Cone-Rod Dystrophy 20 via the POC1B Gene

Cone-rod dystrophy (CORD/CRD) is a rare hereditary retinal disorder with a worldwide prevalence of ~1 in 40,000. CRD is characterized by dysfunction or degeneration of cone photoreceptors with relative preservation of rod function in the initial stages. The most common symptoms are photophobia and epiphora in bright light, decreased visual acuity, and dyschromatopsia. Fundus changes may vary from mild pigment granularity to a distinct atrophic lesion in the central macula. As the disease progresses, degeneration of rod photoreceptors also occurs and leads to progressive night blindness and peripheral visual field loss (Hamel. 2007. PubMed ID: 17270046).

Non syndromic CRD is genetically heterogeneous and exhibits autosomal dominant (AD), autosomal recessive (AR) and, rarely, X-linked (XL) inheritance (Hamel. 2007. PubMed ID: 17270046). To date, over 25 genes have been implicated in different forms of CRD (RetNet). Causative variants in the genes ABCA4, ADAM9, AIPL1, C21orf2, C8orf37, CABP4, CACNA2D4, CDHR1, CERKL, CNGB3, CNNM4, DRAM2, KCNV2, PDE6C, POC1B, RAB28, RPGRIP1, RGS9, RGS9BP and TTLL5 are inherited in an AR manner. Causative variants in the genes CRX, GUCA1A, GUCY2D, PITPNM3, RAX2, RIMS1, SEMA4A, UNC119 show AD inheritance. Pathogenic variants in BEST1, PDE6H, PROM1 and PRPH2 are inherited in both AD and AR manner. CACNA1F and RPGR are the only genes associated with XL-CRD in male patients. Due to the genetic heterogeneity, screening of all the CRD-associated genes is recommended. Most of the CRD-associated genes are also involved in other types of retinal dystrophies such as Retinitis Pigmentosa, macular dystrophies and cone dystrophies. Many of these genes encode proteins that have major roles in disc morphogenesis and the membrane- trafficking of photoreceptors (Sung and Chuang. 2010. PubMed ID: 20855501).

Bi-allelic pathogenic variants in POC1B cause nonsyndromic early childhood onset (first decade of life) slowly progressive cone rod dystrophy without night blindness, as well as syndromic retinal ciliopathy (Durlu et al. 2014. PubMed ID: 24945461; Beck et al. 2014. PubMed ID: 25044745). POC1B encodes a POC1 centriolar protein B, which is predominantly expressed in the ciliary region of photoreceptor cells and synapses of the outer plexiform layer (Beck et al. 2014. PubMed ID: 25044745). Depletion studies indicated that this protein is involved in ciliogenesis and is colocalized with another retinal-ciliopathy-associated protein FAM161A at the plasma membrane, basal body and is associated with the microtubule network photoreceptor homeostasis (Roosing et al. 2014. PubMed ID: 25018096).

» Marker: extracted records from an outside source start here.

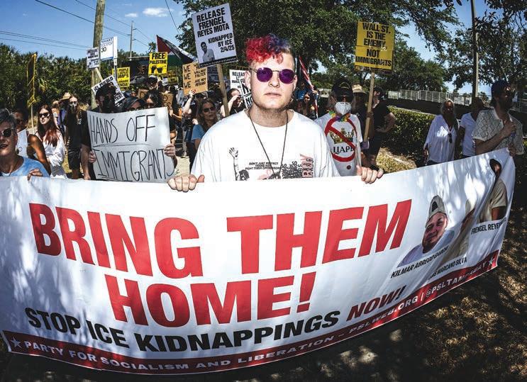 Families of Frengel Reyes, 24, and Luis Marcano Silva, 26, said they were wrongly deported to an El Salvadorian prison in February. Protesters in Cypress Point Park outside the Tampa ICE office held signs with their photos saying “Bring Them Home.” The protest was part of several local rallies and hundreds of nationwide events for 50501—”50 states, 50 protests, 1 movement.” Tampa joined St. Petersburg, Clearwater, Zephyrhills, Sarasota and Spring Hill in events organized by PSL Tampa Bay, Pinellas DSA and ANSWER Suncoast.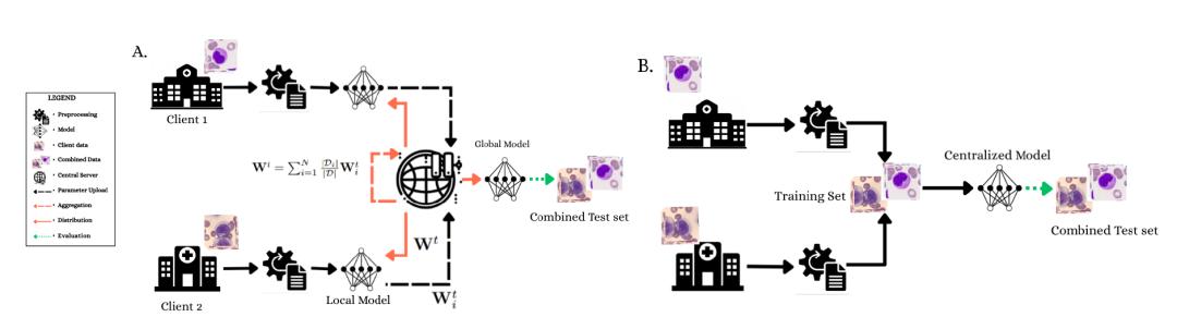 近年来,人工智能和深度学习的发展为血液形态分析提供了新的解决方案。AI 模型能够自动识别不同类型的白细胞,并辅助医生进行快速诊断。研究表明,深度学习在自动化血液学诊断中具备显著潜力,但现实应用中仍面临重要挑战——模型训练对数据的依赖性极强,而临床数据通常分布在不同医院,且存在染色方法差异、成像设备差异以及少数罕见细胞类型的问题。这种数据异质性会导致模型在新机构或新患者群体中泛化能力下降。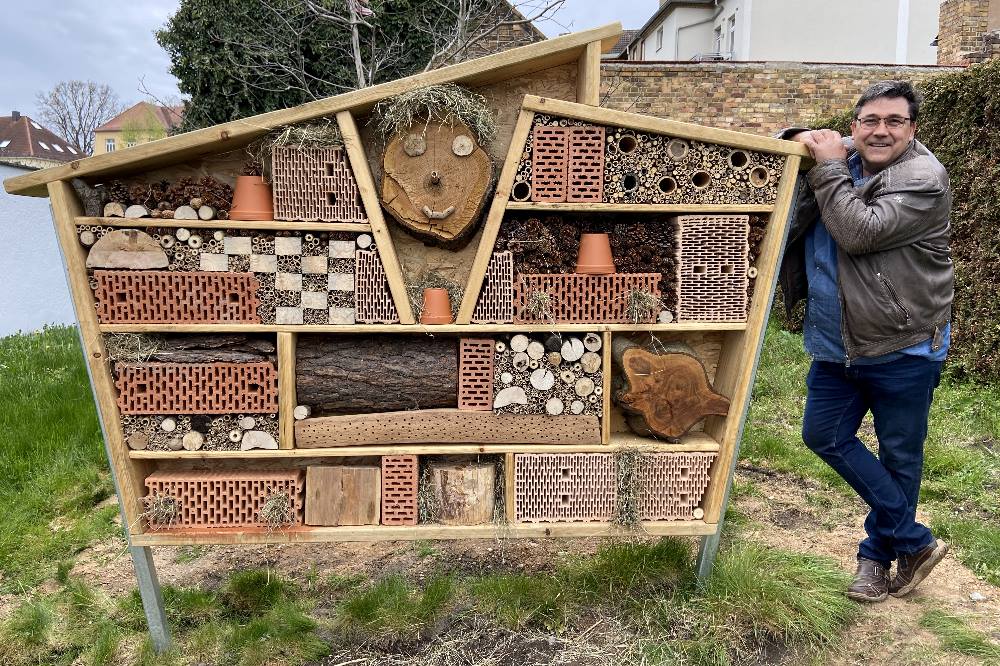 Gebaut hat Daniel Grahl das Insektenhotel gemeinsam mit einem Freund. „Uns war wichtig, dass das Insektenhotel optisch etwas her macht, groß genug ist und natürlich eine Menge Unterschlupfmöglichkeiten für die vielen verschiedenen Arten bietet“, sagt der Kinobetreiber. So könnten verschiedene Bienenarten wie Maskenbienen, Blattschneidebienen, Mauerbienen sowie verschiedene Wespenarten, aber auch Fliegen, Ohrwürmer, Marienkäfer und Schmetterlinge Platz darin finden.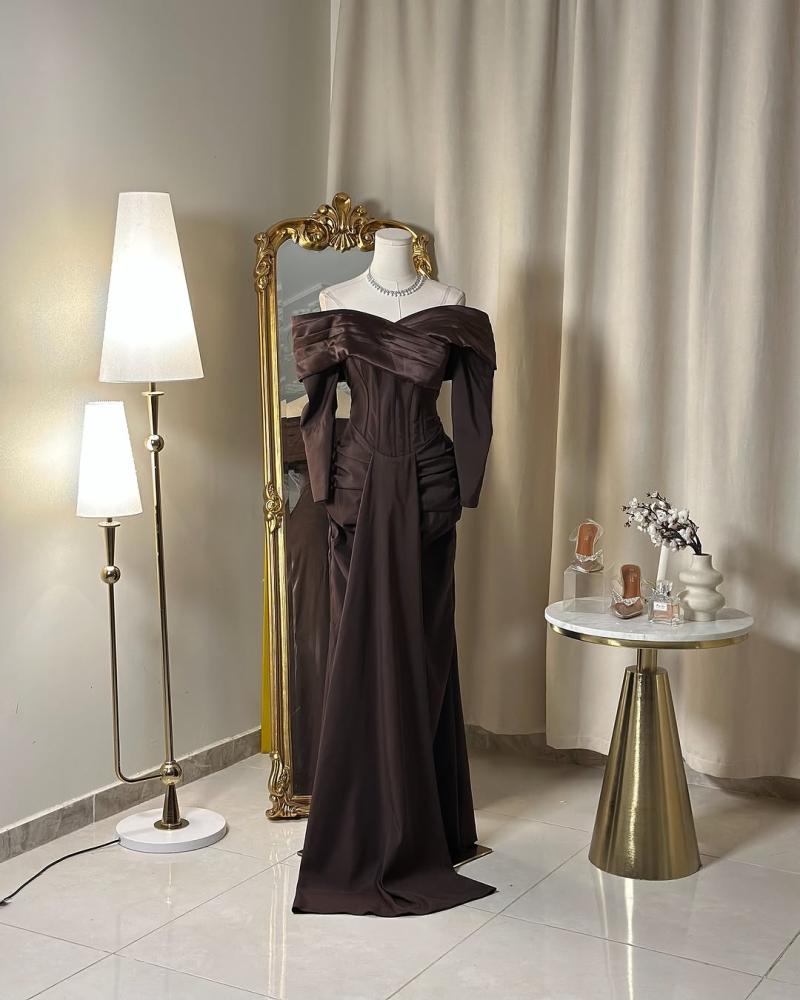 فستان سهرة فاخر بلون الشوكولا الداكن(بني)، مصمم ليبرز جمالك برقي وفخامة. يتميز الفستان بتصميم أوف شولدر جذاب يعكس أنوثة لا مثيل لها، مع قصات أنيقة تُبرز الخصر وتنسدل بانسيابية حتى الأرض. التفاصيل الجانبية المتدرجة والطيّات الناعمة تضيف لمسة ساحرة للفستان، بينما تمنحه الأكمام الطويلة مع الخطوط الراقية لمسة كلاسيكية عصرية.

In vitro studies suggested that pathogenic POC1B variants in the WD40 domain of the protein strongly decreased its interaction with FAM161A, which might induce photoreceptor degeneration (Roosing et al. 2014. PubMed ID: 25018096). To date, ~5 pathogenic variants (missense, nonsense, splicing and small in-frame deletion) have been documented causative (Human Gene Mutation Database).

Due to the genetic heterogeneity and limited number of reported cases, it is difficult to predict clinical sensitivity. Analytical sensitivity should be high as all reported pathogenic variants are detectable by sequencing.

This test provides full coverage of all coding exons of the POC1B gene plus 10 bases of flanking noncoding DNA in all available transcripts along with other non-coding regions in which pathogenic variants have been identified at PreventionGenetics or reported elsewhere. We define full coverage as >20X NGS reads or Sanger sequencing. PGnome panels typically provide slightly increased coverage over the PGxome equivalent. PGnome sequencing panels have the added benefit of additional analysis and reporting of deep intronic regions (where applicable).

Dependent on the sequencing backbone selected for this testing, discounted reflex testing to any other similar backbone-based test is available (i.e., PGxome panel to whole PGxome; PGnome panel to whole PGnome).